En cambio, en la actualidad, las tenencias totales de activos en pesos eran equivalentes a u$s72 mil millones al tipo de cambio del viernes pasado (unos u$s58 mil millones a valores de hoy), monto que se compara con reservas de unos u$s66 mil millones. Aunque aclara que éstas incluyen unos u$s15 mil millones de encajes correspondientes a los casi u$s32.000 millones de depósitos en moneda extranjera.

"Si suponemos una caída de la monetización similar a la de 1989 (el público necesita algo de pesos) el monto de la potencial corrida sería de aproximadamente u$s20 mil millones (con tipo de cambio fijo), por lo que el Gobierno estaría en condiciones de sostener el tipo de cambio, pero existe la duda si está dispuesto a hacerlo en este contexto político", analiza Arriazu.

Otras diferencias que establece con 1989 y el período 1999-2001 se relacionan con el estado de las cuentas fiscales y externas.

Este año el Gobierno logró alcanzar un superávit primario (continúa con un déficit total) y el BCRA no está emitiendo para financiar al Ejecutivo ("lo contrario de lo que sucedía en los dos períodos anteriores"), mientras que las cuentas externas muestran un superávit comercial, un pequeño déficit en la cuenta corriente devengada y un superávit en la cuenta corriente base caja, con un comportamiento parecido al de los períodos anteriores, resume el informe.

Por lo que agrega que "la situación de la cuenta corriente sugeriría que los problemas externos estarían limitados a los cambios de portafolios, pero es bastante usual que la incertidumbre se refleje también en retrasos en la liquidación de exportaciones".

Esto hace plantearle a Arriazu tres escenarios teóricos:

a) El Gobierno defiende el tipo de cambio perdiendo reservas;

b) No lo defiende y deja que suba (bajando el valor de los activos en pesos expresados en dólares); o

c) Impone un control de cambios (lo que se reflejaría en la reaparición de mercados paralelos).
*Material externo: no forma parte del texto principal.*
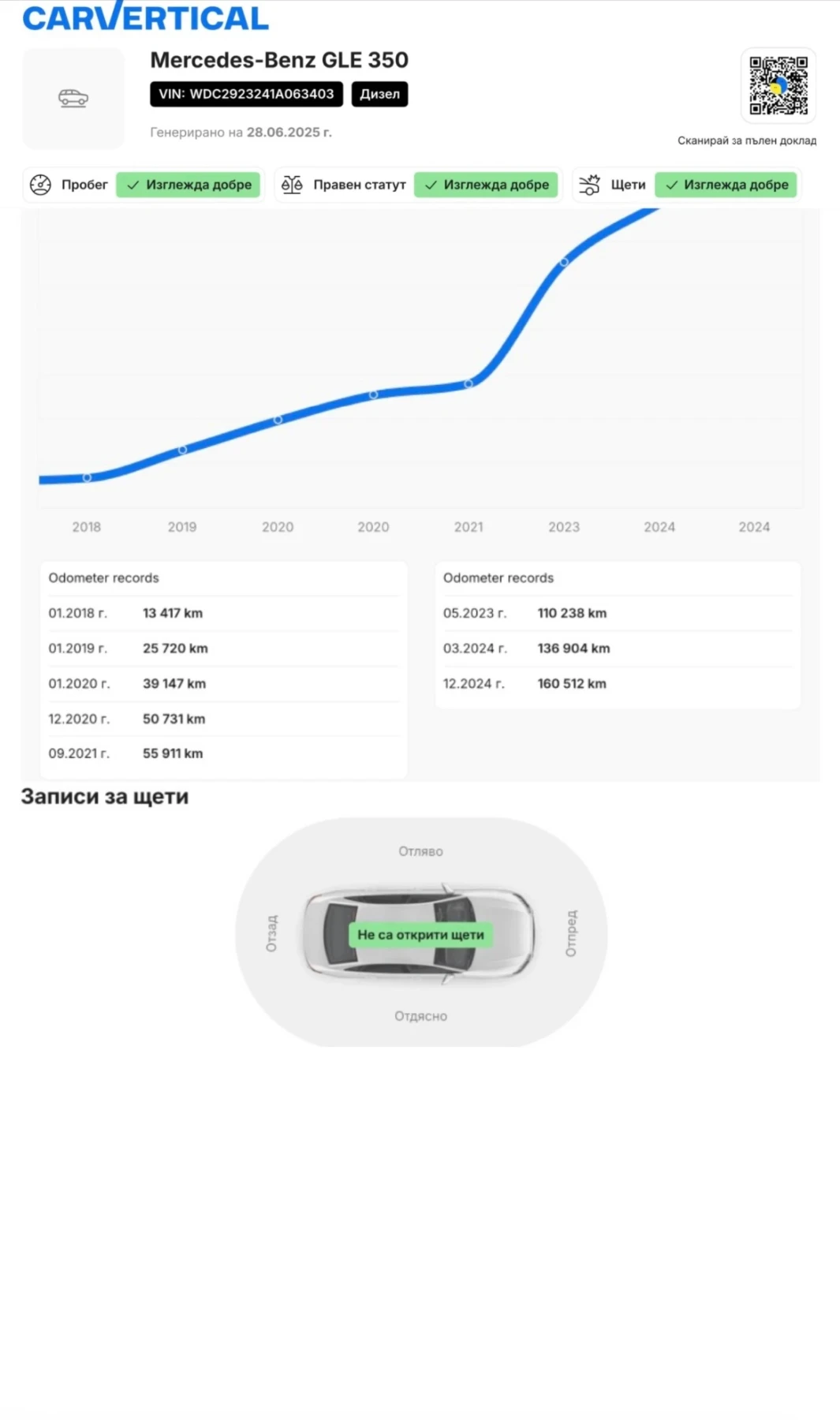 Mercedes-Benz GLE 350 d 4MATIC Coupe AMG - Представяме Ви проверен, употребяван автомобил с доказан произход, наличен в гр. Русе. - Закупен от официално представителство на Mercedes в Германия. - Пълна сервизна история, документирана със снимки и оригинални фактури. - Последно обслужване извършено на 180000 km . - Приложен CarVertical доклад без инциденти, без корекции по пробега, реална история и визуален отчет. - Автомобилът е преминал цялостна диагностика и тестово шофиране над 50 км всички системи функционират безупречно. - Възможност за проверка в сервиз на Mercedes или такъв по ваш избор. Технически данни - Първа регистрация: 01. 2017 г. - 3. 0 V6 дизел / 190 kW (258 к. с. ) - Автоматична скоростна кутия 9G-Tronic - Постоянно задвижване на всички колела (4MATIC) - Евро 6 / Обсидианчерен металик с фолио Arlon Satin Metallic Gold (хамелеон ефект) - Пробег: 187 000 км - VIN: WDC2923241A063403 - Следващ технически преглед: 08. 2026 г . Основни предимства и оборудване - Пълен AMG пакет екстериор и интериор - 360 камери + преден и заден парктроник с визуализация - COMAND Online голям дисплей, навигация, DVD, интернет, гласово управление - Асистент за мъртва зона, асистент за лента, разпознаване на пътни знаци - Електрически седалки с памет и лумбална опора и за двете предни места - Амбиентно осветление с многоцветен режим - Фабрично затъмнени и термоизолирани задни стъкла - Професионално защитно фолио Arlon Satin Metallic Gold хамелеон - Спортен AMG волан, изработен от естествена кожа с електрическо регулиране и функция памет - 9G-Tronic автоматична скоростна кутия - Разширен кожен пакет табло, кори на вратите и подлакътници, обшити в кожа с контрастни бели шевове Комфорт и технологии - Keyless-GO безключово палене - Електрическа задна врата - Автоматичен климатроник с отделно управление за задните места - Автоматично затъмняващи се вътрешно и външни огледала - LED Intelligent Light System - Сензори за дъжд и светлина - Аларма и пакет против кражба - ECO Start/Stop система - AGILITY SELECT режими на шофиране - Йонизатор за въздуха Интериор и мултимедия - Черен кожен салон (естествена кожа/напа) с декоративен бял шев - Спортни седалки с подгряване, памет и лумбална опора - Табло и врати с декор от тополово дърво - Черен таван - COMAND APS NTG5, Apple CarPlay / Android Auto - Bluetooth, USB, AUX, SD карта, слот за SIM - Premium Sound System Harman Kardon - Гласово управление Джанти и гуми - Оригинални 21'' алуминиеви джанти AMG - Continental SportContact 6 DOT 2023 - Предни: 275/45 R21 грайфер: 5 мм - Задни: 315/40 R21 грайфер: 5 мм - Индекс на скорост: Y (до 300 км/ч) - 2 комплекта гуми . Зимните са на 3 к - км чисто нови Ariwo .

"Las tres alternativas se reflejarán en una baja de la demanda interna (agravando la recesión), pero en la segunda y tercera alternativa habría que agregarle el impacto sobre el nivel de precios y la incertidumbre", acota.

Y completa: "Las primeras medidas monetarias del Gobierno parecen indicar que se inclinaron por una mezcla entre la primera y la segunda alternativa", donde el Banco Central intervino en el mercado pero a un precio significativamente más alto.

Finalmente, concluye sobre las necesidades de financiamiento que enfrenta el gobierno nacional. "Si bien el acuerdo con el FMI permite hacer frente a las mismas hasta finales del corriente año, el monto de financiamiento al cual debería hacerse frente el año próximo no sería difícil de lograr en un escenario de normalidad, sin embargo, de persistir los actuales niveles de desconfianza serían necesarias medidas extraordinarias a tal fin".